— Надо думать, милостивый государь мой, ежели от царского величества поступил такой приказ, — быть войне. Едва прослышав о том, мои люди взялись за работу. Надо думать, его величество возьмет в поход не более одного станка.
— Этого будет достаточно?
— Достаточно, ваше высочество. И если при нем будут ребята, каких подберу сам, его величество за неделю заполнит всю Персию манифестами. Я взвесил и разложил по кассам нужные литеры: библейского шрифта — шесть пудов тридцать четыре фунта, иосифлянских — девять пудов тридцать фунтов, больших гражданских — два пуда десять фунтов, латинских — три пуда семнадцать фунтов, греческих — три пуда тринадцать фунтов...
— Отлично, — прервал Кантемир. — Была у меня к вам еще одна просьба...

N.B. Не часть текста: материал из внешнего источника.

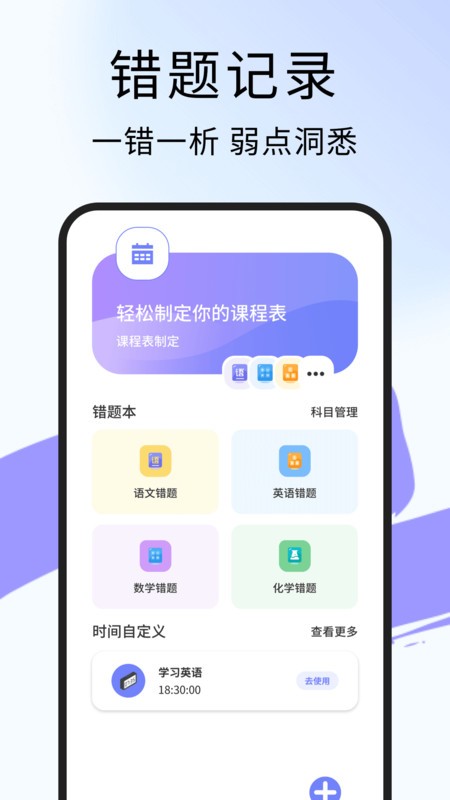 3、在学习页面中可以轻松制作你的课程表,同时有错题本以及时间自定义功能;

— Конечно, — поклонился Абрамов, — высочайше мне было велено: осмотреться со вниманием и отыскать искусного переводчика. Осмотревшись, отыскал я не единого, но двоих.
— Можно на них взглянуть?
— Само собой, ваше высочество. Вот они.
Переводчики обнаружились за поленницей дров. По знаку хозяина оба поднялись со скамьи и представились князю. Не выказывая особой робости, они тем не менее не смели взглянуть в глаза высокого сановника, вокруг которого Абрамов вертелся со всем усердием. Толмачи не различались между собой ни ростом, ни шириной плеч, ни даже покроем платья. Только борода у первого была черной и узкой, у второго же — рыжей и торчала во все стороны.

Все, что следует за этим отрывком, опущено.